Datasets and DataLoaders: Part 1

What is a PyTorch Dataset? What's its purpose? Why does it matter?

This post was originally written on August 15, 2025

TL;DR

What is a PyTorch Dataset?

a PyTorch Dataset is a class that knows how many data samples it contains and can return a specific sample when you ask for it by its index. Both the way it determines the total number of samples and the way it retrieves an individual sample are fully customizable.

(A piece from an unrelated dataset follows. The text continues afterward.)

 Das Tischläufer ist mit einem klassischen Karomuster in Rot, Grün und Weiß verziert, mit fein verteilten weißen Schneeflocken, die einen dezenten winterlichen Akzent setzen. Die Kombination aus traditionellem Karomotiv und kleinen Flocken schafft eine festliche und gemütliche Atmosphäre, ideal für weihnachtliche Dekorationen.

What’s the purpose of a PyTorch Dataset?

The purpose of a Dataset object is to define a way of accessessing your data during model training.

Why should you care?

By defining a way to access your data and return the size of your data, the Dataset object allows you to train a model on any data source (images, CSV files, audio, etc.) just by changing the Dataset implementation.

Intro

My first encounter with PyTorch's Dataset and DataLoader objects were 3 years ago, when I was going through PyTorch recipes and HuggingFace tutorials for the first time. I’ll admit I tended to follow tutorials rather blindly, which led to never really understanding how PyTorch worked.

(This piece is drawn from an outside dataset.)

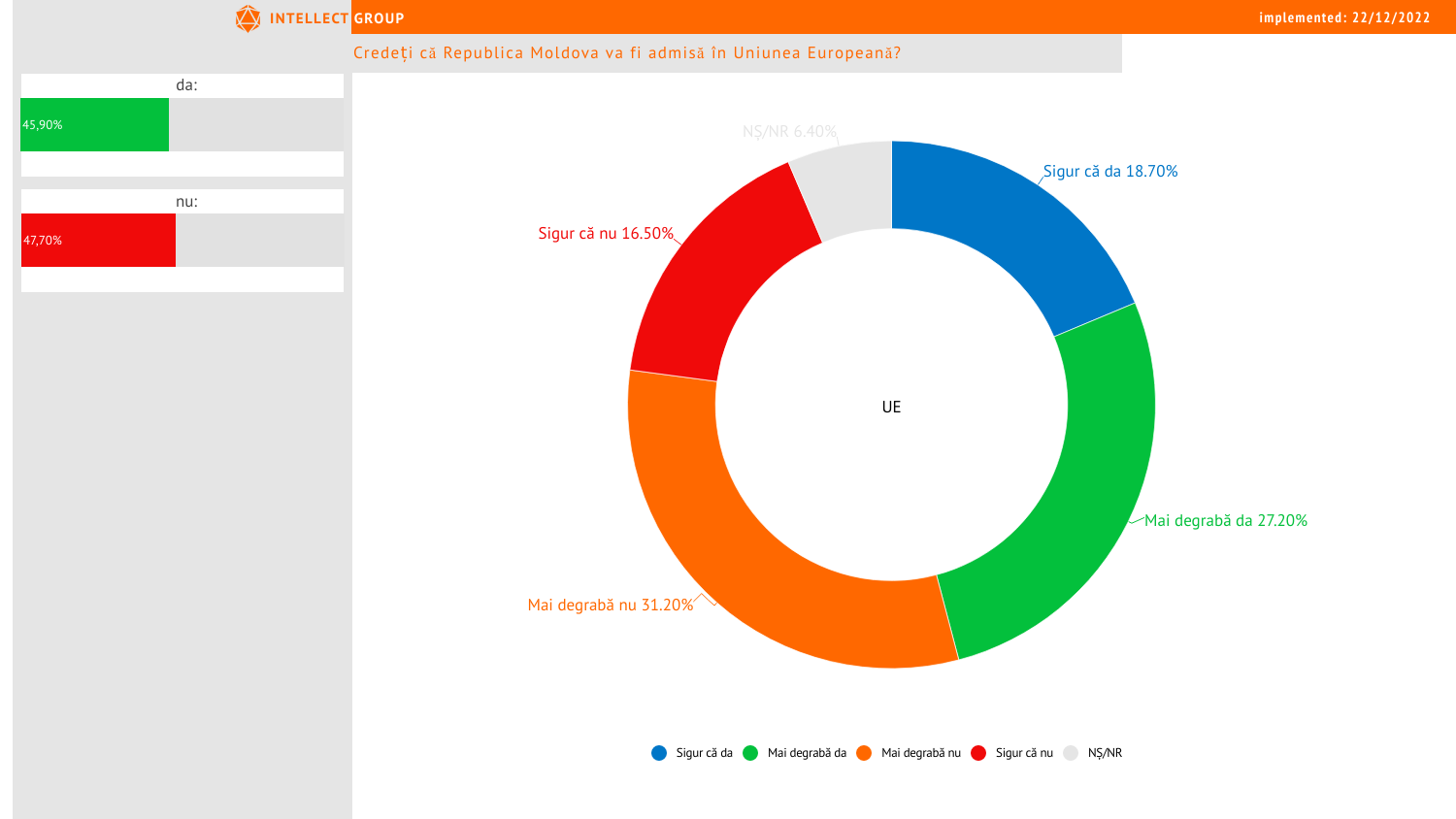 Sondajul republican cu privire la viața social-politică din Republica Moldova a fost realizat în perioada 01 – 20 decembrie 2022. Numărul total de respondenți este de 1209 de persoane cu drept de vot. Marja de eroare reprezintă +-2,9%.

Fast forward 3 years, and here I am trying to relearn everything from the ground up. While I was going through some PyTorch basics, I inevitably came across the Dataset and DataLoaders section, and the confusion was still there. This time, I tried articulating my confusion into some questions that I can focus on while learning about the two data-related objects in PyTorch.

In this notebook, the first of the two-part series, I’ll address my questions about the Dataset object as listed in the TL;DR:

  1. What is a PyTorch Dataset?
  2. What’s the purpose of a PyTorch Dataset?
  3. Why should you care?
import os
from PIL import Image
import torch
from torch.utils.data import Dataset
import torchvision.transforms as transforms

Dataset Objects

Here’s the definition of a Dataset from PyTorch:

All datasets that represent a map from keys to data samples should subclass it. All subclasses should overwrite __getitem__(), supporting fetching a data sample for a given key. Subclasses could also optionally overwrite __len__(), which is expected to return the size of the dataset by many Sampler implementations and the default options of DataLoader. Subclasses could also optionally implement __getitems__(), for speedup batched samples loading. This method accepts list of indices of samples of batch and returns list of samples.

Sorry PyTorch, this didn’t make any sense to me.

Here were my initial confusions:

  • What does the definition mean by “represent a map from keys to data samples”?
  • How do I explain what this is without bringing in the concept of a DataLoader?
  • I think the problem is that when I hear “Dataset”, I imagine a table in a relational database

So let’s unpack this.

First, when you hear “dataset,” a table with rows and columns instantly pops up in your head; try ignoring that. Instead, think of a Python list and how you’d access its elements.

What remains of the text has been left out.